--- Data for the task ---

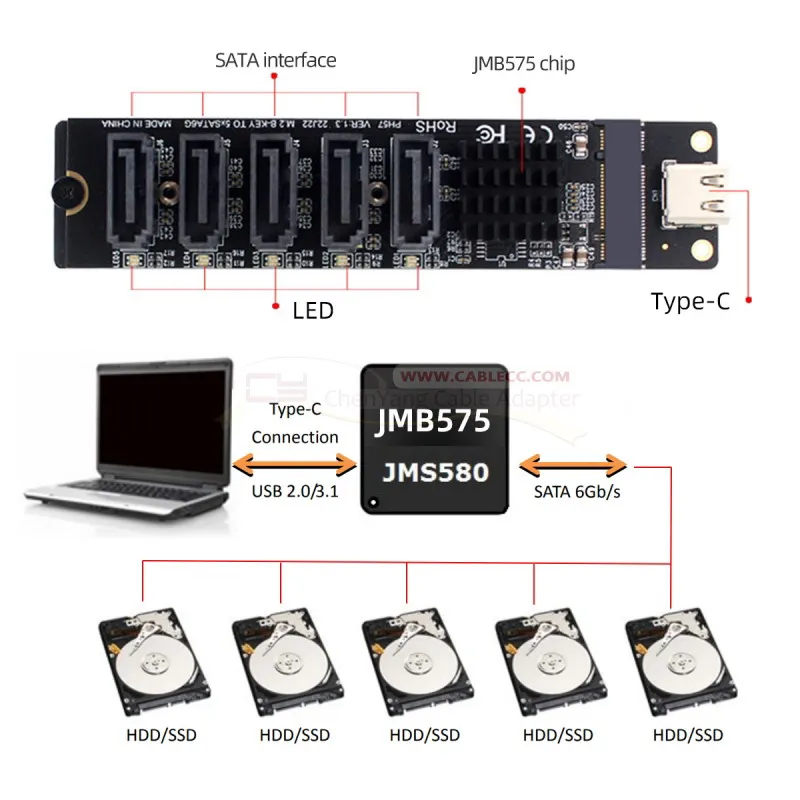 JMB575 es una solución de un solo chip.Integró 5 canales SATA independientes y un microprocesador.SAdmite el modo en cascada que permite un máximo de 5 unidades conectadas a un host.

---
--- Data for the task ---

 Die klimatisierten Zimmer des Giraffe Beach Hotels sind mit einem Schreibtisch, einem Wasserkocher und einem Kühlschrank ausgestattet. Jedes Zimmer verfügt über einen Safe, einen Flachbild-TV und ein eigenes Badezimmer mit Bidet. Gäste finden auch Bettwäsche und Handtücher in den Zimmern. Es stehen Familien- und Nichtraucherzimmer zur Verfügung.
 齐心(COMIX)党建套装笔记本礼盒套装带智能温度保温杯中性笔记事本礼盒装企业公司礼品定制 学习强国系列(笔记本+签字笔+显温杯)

---
--- Data for the task ---

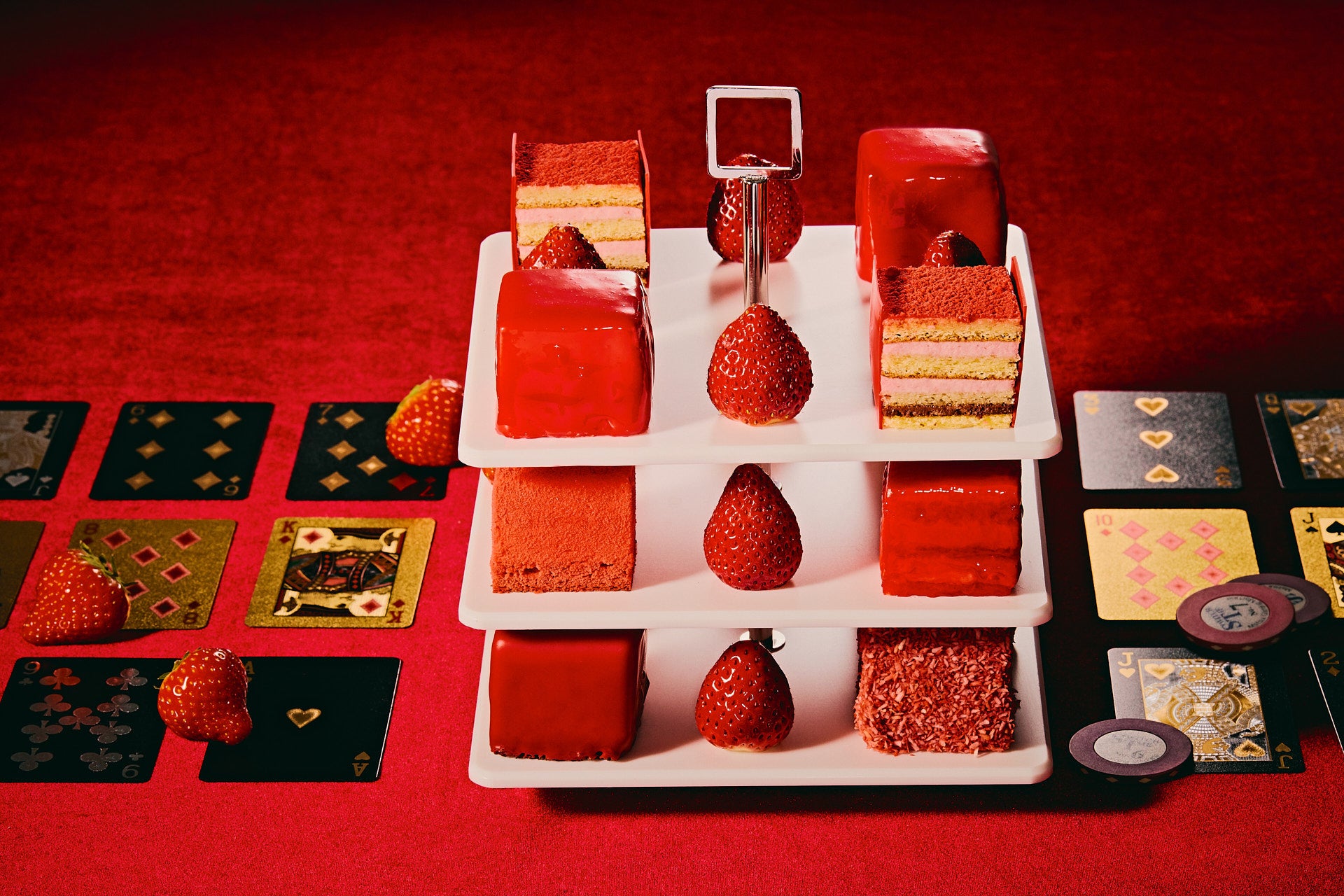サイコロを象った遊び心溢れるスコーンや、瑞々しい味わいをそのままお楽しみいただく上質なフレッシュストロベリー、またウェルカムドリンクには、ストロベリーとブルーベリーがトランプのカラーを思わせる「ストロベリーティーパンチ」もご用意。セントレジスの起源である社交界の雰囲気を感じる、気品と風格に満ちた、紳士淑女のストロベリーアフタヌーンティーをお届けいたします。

---

◆ Aim of the exercise:
Repeat, character for character, the lines of the material above from the line with "Die klimatisierten Zimmer" through the line with "齐心(COMIX)党建套装笔".

◆ The answer:
 Die klimatisierten Zimmer des Giraffe Beach Hotels sind mit einem Schreibtisch, einem Wasserkocher und einem Kühlschrank ausgestattet. Jedes Zimmer verfügt über einen Safe, einen Flachbild-TV und ein eigenes Badezimmer mit Bidet. Gäste finden auch Bettwäsche und Handtücher in den Zimmern. Es stehen Familien- und Nichtraucherzimmer zur Verfügung.
 齐心(COMIX)党建套装笔记本礼盒套装带智能温度保温杯中性笔记事本礼盒装企业公司礼品定制 学习强国系列(笔记本+签字笔+显温杯)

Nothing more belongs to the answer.